2. Income from Property
· Is what is being transferred a right to income or a right to income producing property?
o Only a transfer of the latter will effectively transfer the tax consequences.
o For example, Schenk can transfer his stock to his grandson, and the grandson will pay taxes on the dividends from that stock (as well as on any gain/loss if he sells). Schenk cannot, however, keep the stock and transfer the right to receive the dividends to his grandson and have his grandson pay taxes on those dividends. The dividends will be Schenk’s income.
· Helvering v. Horst, 1940 page 499
o Income from property is taxed to the owner of the property.

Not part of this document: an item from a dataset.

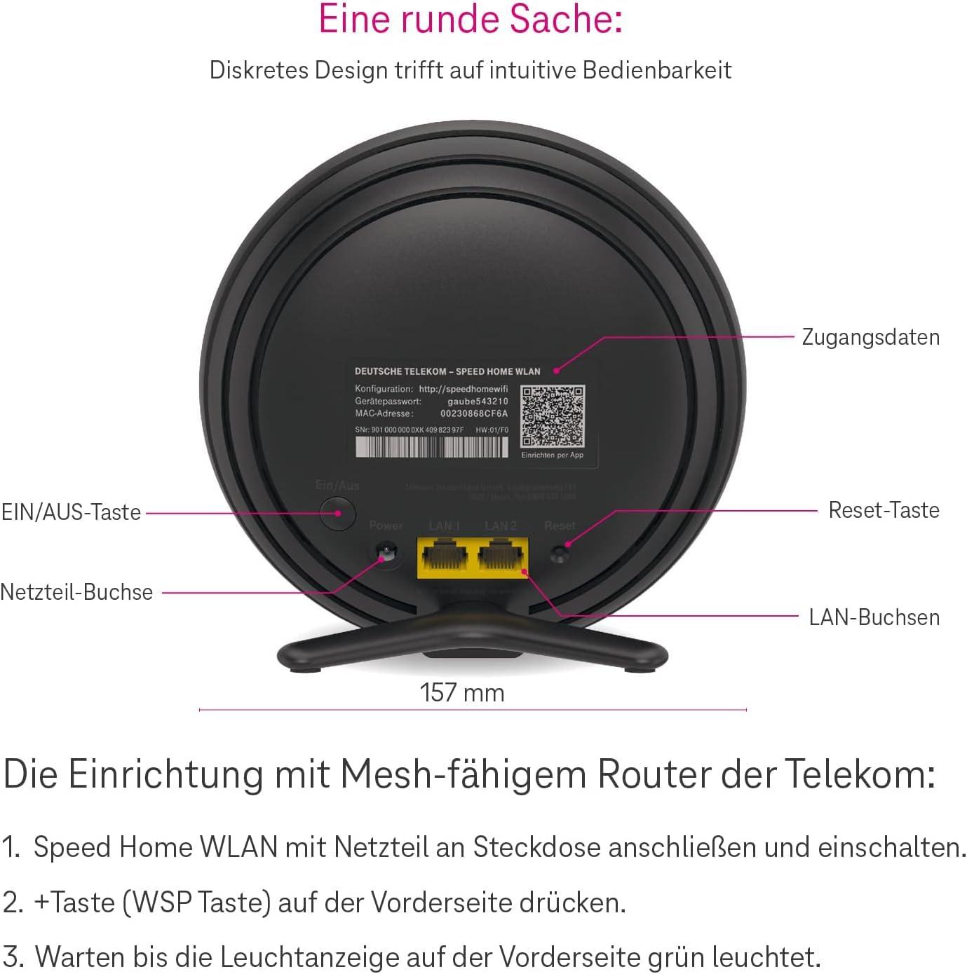 Telekom Speed Home WLAN 2° Gen | Ripetitore Wi-Fi 6 Mesh per rete domestica forte | fino a 4.800 Mbit/s | Plug & Play per WPS | 2× LAN

o Facts: Taxpayer detached interest coupons from bonds and gave them to his son as a gift.
o Holding: the father must include the income from the coupons in his own income- the gift did not effectively transfer the income.

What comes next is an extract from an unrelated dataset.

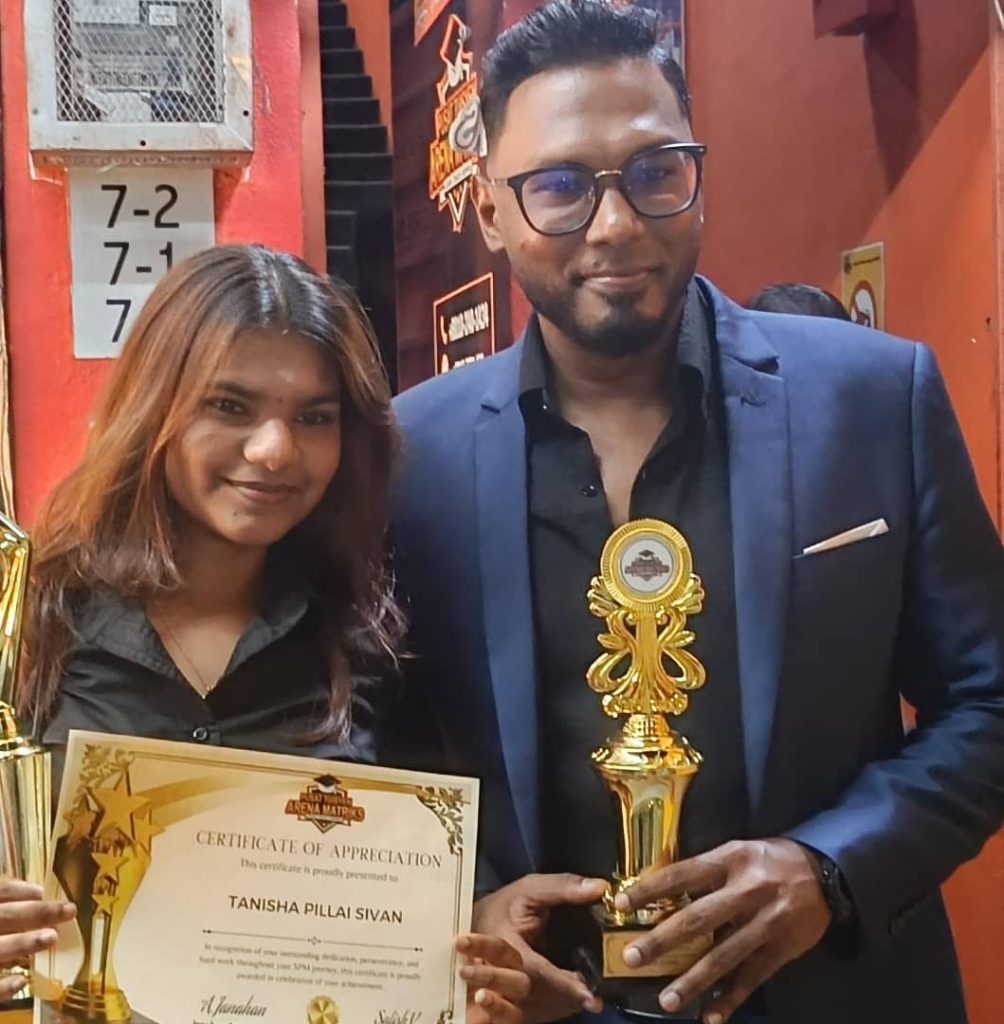 சிலாங்கூர் மாநில ஆட்சிக் குழு உறுப்பினர் பாப்பா ராயுடு தலைமையில் நடைபெற்ற இந்த விழாவில் இவருக்கு ஒரே நேரத்தில் இரண்டு சாதனையாளர் விருது வழங்கப்பட்ட போது மாணவர்கள் பெரும் உற்சாகத்தில் திளைத்தனர்.

§ Because of the progressive tax structure, there is strict adherence to principles preventing shifting of income from income producing property.
o The Horst decision is no longer effective with respect to bonds.
§ § 1286 allows taxpayers to split the interest on bonds from the principal.
· Blair v. Commissioner, 1937 page 497
o Facts: TP is a life income beneficiary of a trust. He transferred part of his rights as life income beneficiary to his children.
o Issue: whether or not that transfer was effective so that the kids would be taxable on the income that is distributed from the trust.
o Holding: transfer of INCOME PRODUCING PROPERTY will shift the tax burden of income from property.
§ First, figure out if what was owned was more than just the right to receive income.
· If he has something more than the right to receive income, then his interest is in income producing property and his transfer is effective.
§ A beneficiary of a trust has a right to enforce fiduciary duties, therefore he has more than just a right to receive income. The beneficiary giving away part of his rights is like Schenk giving away the actual stock, not just the dividends.
· Braunstein v. Commissioner, 1962 page 504
o Facts: After the taxpayer’s sweepstakes ticket was selected as the winner, but before he received the money, he assigned 2/3 of the ticket to members of his family.
o Holding: the taxpayer was liable for the taxes on the entire sweepstakes.
§ At the time he made the assignment, all he had was a right to receive income.